## WORK REQUEST:
Exactly the lines from the one with "2022年3月8日,女神節(jié),瑞" through the final line of the entries, and nothing else, should appear in the answer; no pictures go in it.
- - -
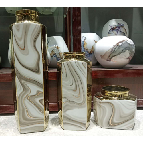 Lọ Hoa Trắng Vàng Bộ 3 Chiếc VH02
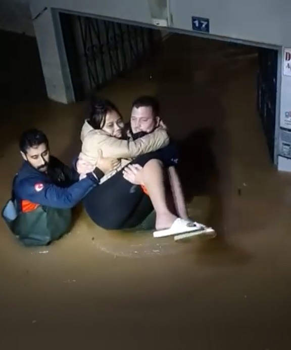 haberimizvar.net- Alanya'da dün etkili olan sağanak nedeniyle ilçenin birçok noktasında su baskınları yaşandı. İlçede çok sayıda ev ve iş yerini su bastı. Kızlarpınarı Mahallesi'nde yaşadığı dairenin girişinin suyla dolduğunu gören ismi öğrenilemeyen yabancı uyruklu kadın, gece yarısı 112 Acil Çağrı Merkezi'ni arayarak yardım istedi. İhbarla bölgeye AFAD ve İHH ekipleri sevk edildi. Kadın AFAD ve İHH ekiplerinin yardımıyla kurtarılarak, güvenli alana götürüldü. Kadın, ekiplere İngilizce teşekkür etti. Binanın girişini kaplayan su, itfaiye ekipleri tarafından tahliye edildi
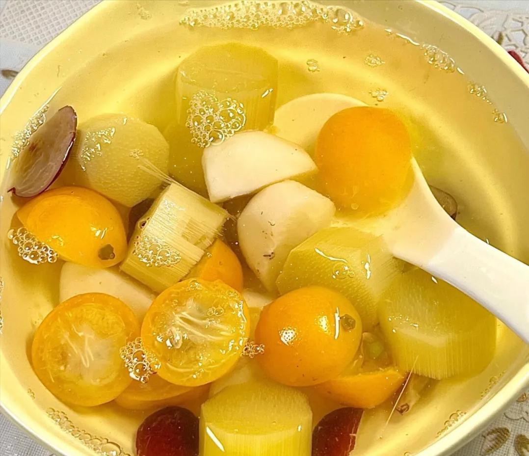 甘蔗和馬蹄補水潤燥,金桔理氣開胃、緩解口干,三者搭配煮水,帶著淡淡的金桔清香,清甜不膩,既能補充津液,又能打開食欲,適合秋冬沒胃口的時候喝。
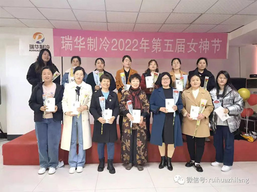 2022年3月8日,女神節(jié),瑞華制冷迎來第五屆女神節(jié)。所有男士們聚在一起,為公司所有女神送上鮮花及禮物。同時也迎來第五屆瑞華制冷巾幗紅旗手與巾幗時代先鋒評選,有三位女神獲獎,并為她們舉行頒獎儀式。
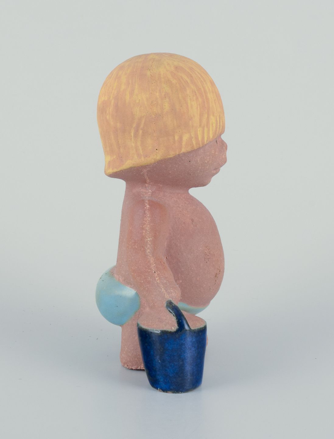 Lisa Larson for Gustavsberg. Stoneware figurine from "Children of the World" series. Boy with a bucket. In perfect condition. Marked. Dimensions: H 12.5 cm x D 9.0 cm.
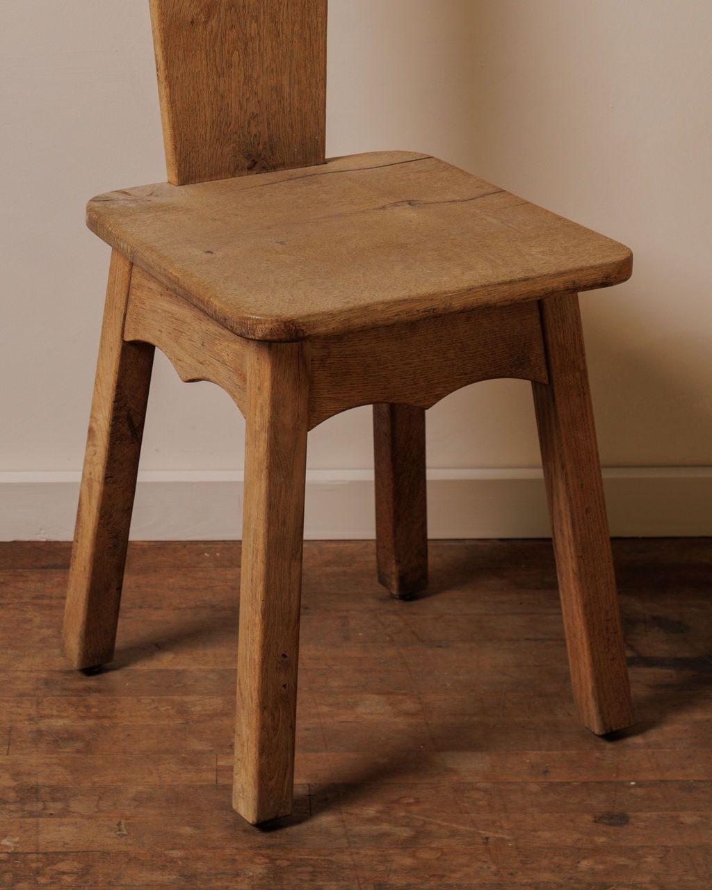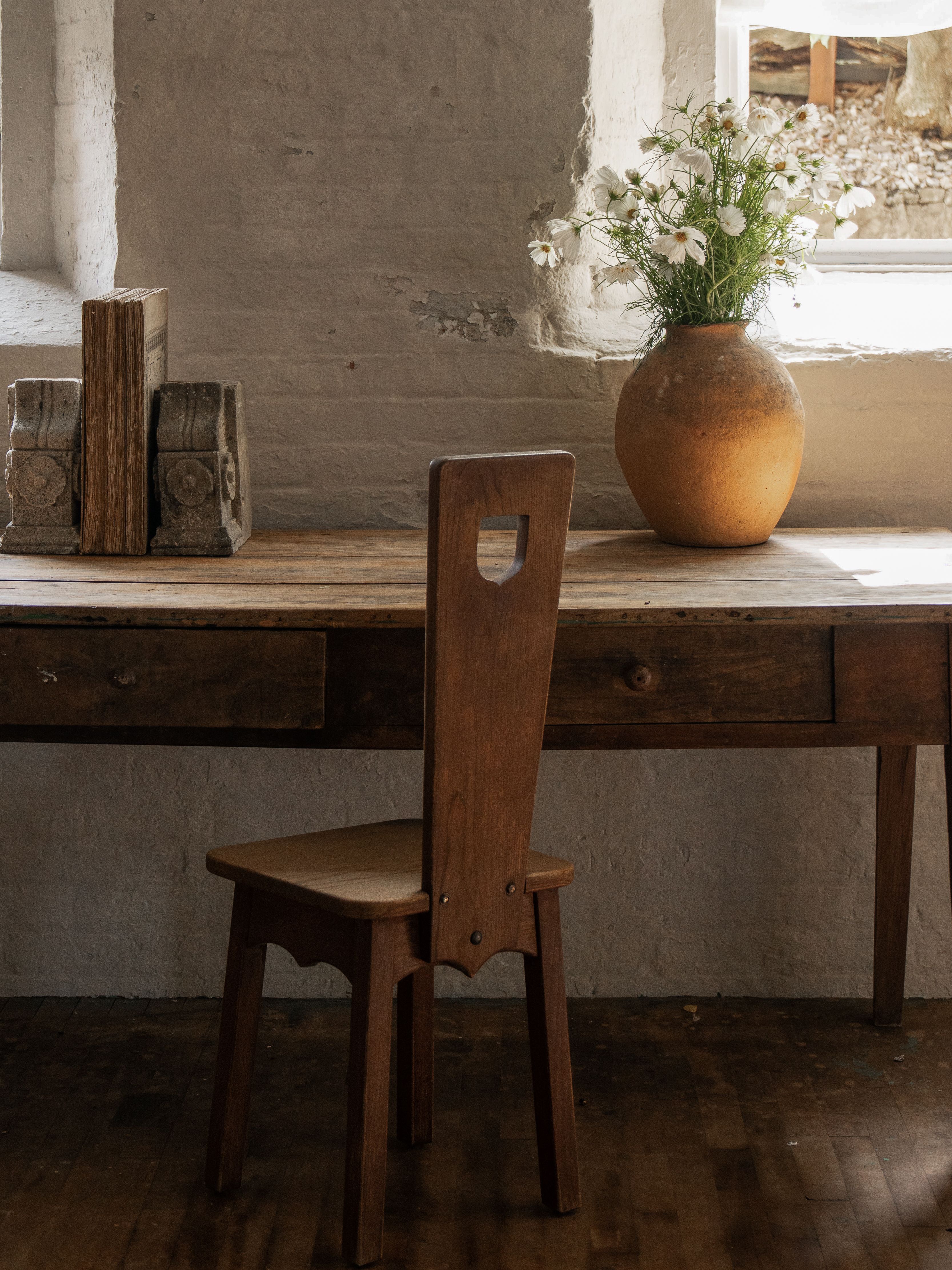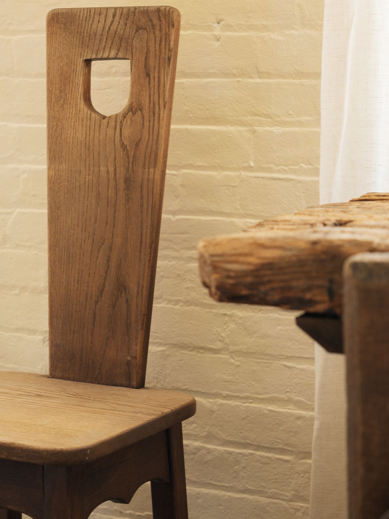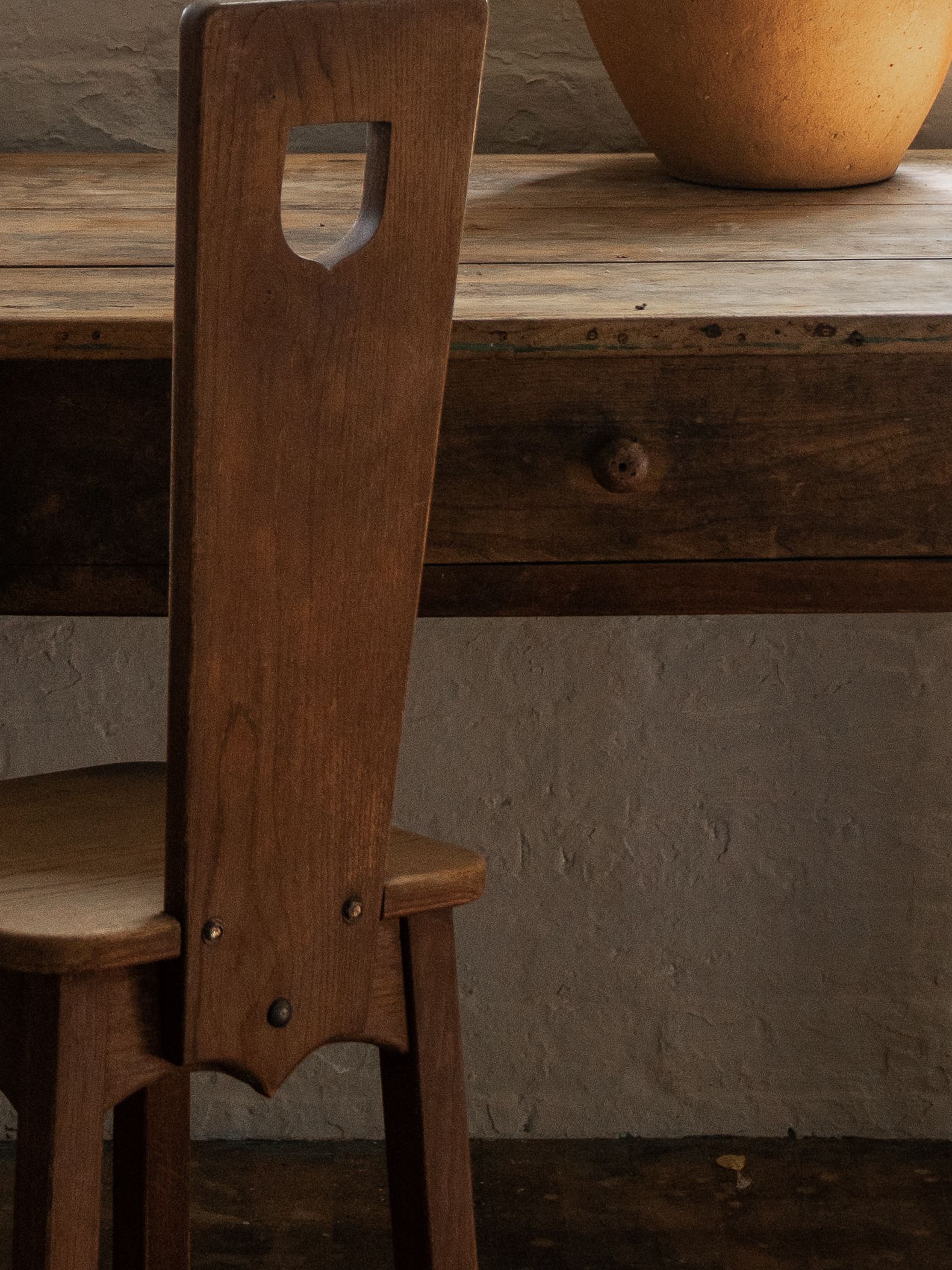 Let's get to the point. These are unbelievably chic and well, a shining example of brutalist design perfection. These 1940's Brutalist dining chairs feature bold lines and a unique cutout design in the backrest, crafted from solid oak with a sturdy, minimalist silhouette. We have two available, so they could be a pair adding a striking, sculptural edge to an intimate dining room moment, or a statement chair in any room.
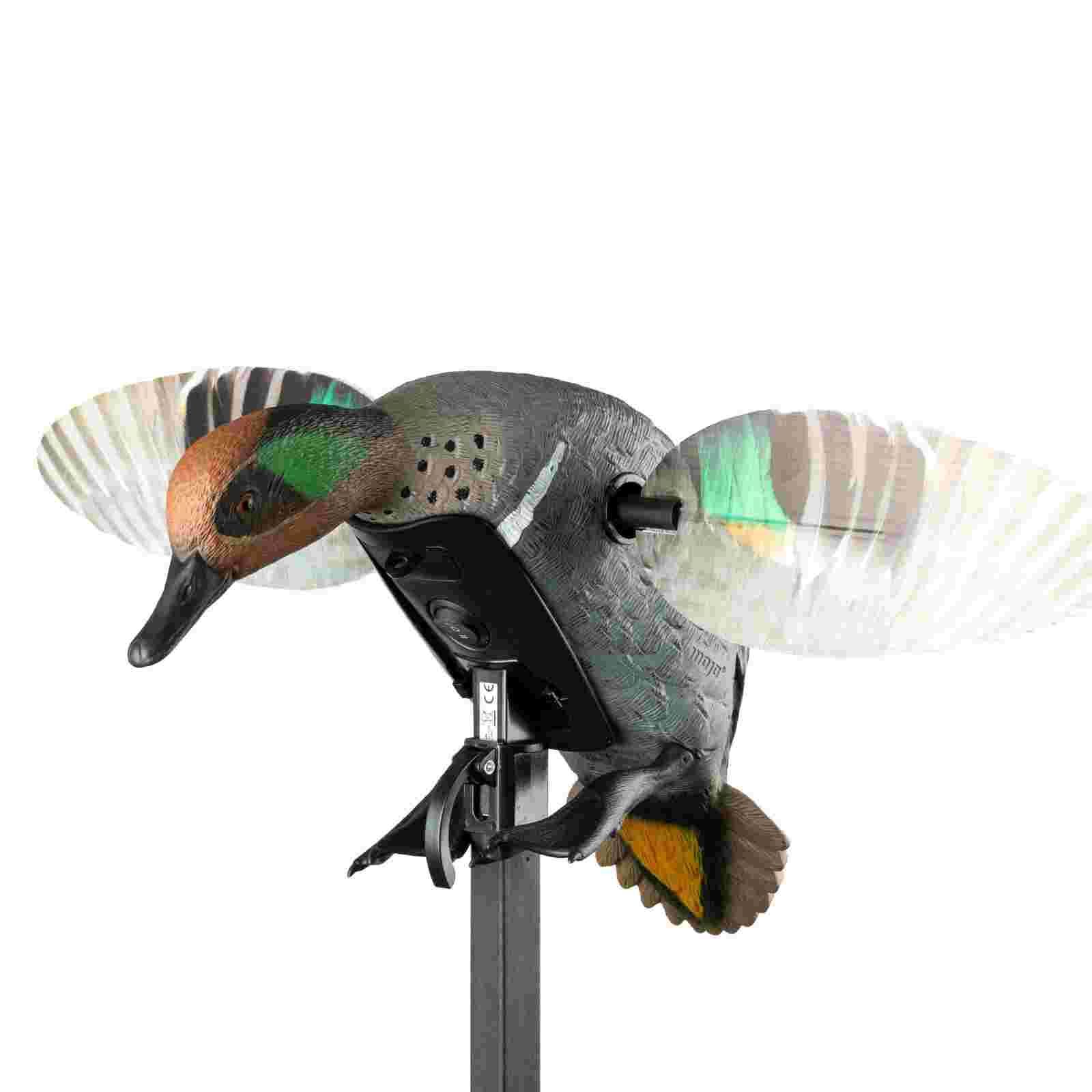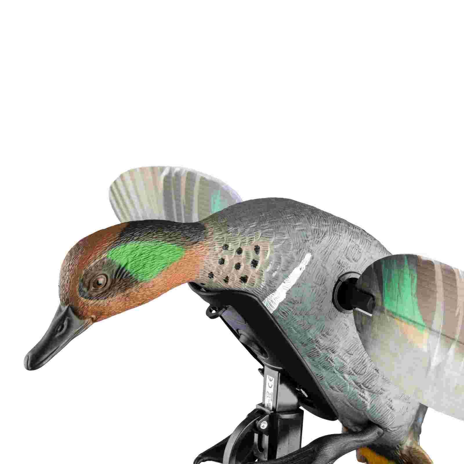 The Mojo Es Green Wing Teal duck decoy is characterized by its magnetic wings , which create an authentic wing movement. This realistic movement makes the decoy particularly attractive for wild birds. The decoy is operated with 4 AA batteries (not included in the scope of delivery), which gives them flexibility to use it wherever they need it.
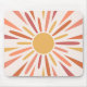 Abstract retro style sunshine illustration with pink, brown, orange, purple, and yellow sun rays decoration on pastel pink background for summer lovers.
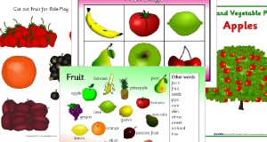 A set of simple printable sheets featuring images of fruit from the popular story for children to colour along with writing lines for writing.
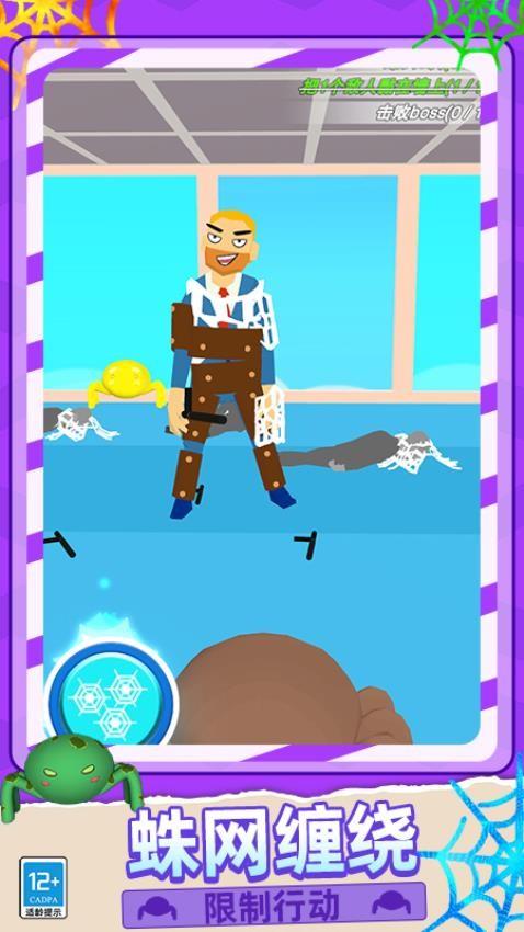一款充满趣味与挑战的游戏。你将操控一只神奇的蜘蛛,运用蛛网缠绕技能,限制敌人的行动。游戏内有多种场景和关卡,从室内到室外,面对不同的敌人,如持棍大汉、黑衣特工等,甚至还有超级BOSS等你挑战。
- - -
## WRITTEN SOLUTION:
 2022年3月8日,女神節(jié),瑞華制冷迎來第五屆女神節(jié)。所有男士們聚在一起,為公司所有女神送上鮮花及禮物。同時也迎來第五屆瑞華制冷巾幗紅旗手與巾幗時代先鋒評選,有三位女神獲獎,并為她們舉行頒獎儀式。
 Lisa Larson for Gustavsberg. Stoneware figurine from "Children of the World" series. Boy with a bucket. In perfect condition. Marked. Dimensions: H 12.5 cm x D 9.0 cm.
 Let's get to the point. These are unbelievably chic and well, a shining example of brutalist design perfection. These 1940's Brutalist dining chairs feature bold lines and a unique cutout design in the backrest, crafted from solid oak with a sturdy, minimalist silhouette. We have two available, so they could be a pair adding a striking, sculptural edge to an intimate dining room moment, or a statement chair in any room.
 The Mojo Es Green Wing Teal duck decoy is characterized by its magnetic wings , which create an authentic wing movement. This realistic movement makes the decoy particularly attractive for wild birds. The decoy is operated with 4 AA batteries (not included in the scope of delivery), which gives them flexibility to use it wherever they need it.
 Abstract retro style sunshine illustration with pink, brown, orange, purple, and yellow sun rays decoration on pastel pink background for summer lovers.
 A set of simple printable sheets featuring images of fruit from the popular story for children to colour along with writing lines for writing.
一款充满趣味与挑战的游戏。你将操控一只神奇的蜘蛛,运用蛛网缠绕技能,限制敌人的行动。游戏内有多种场景和关卡,从室内到室外,面对不同的敌人,如持棍大汉、黑衣特工等,甚至还有超级BOSS等你挑战。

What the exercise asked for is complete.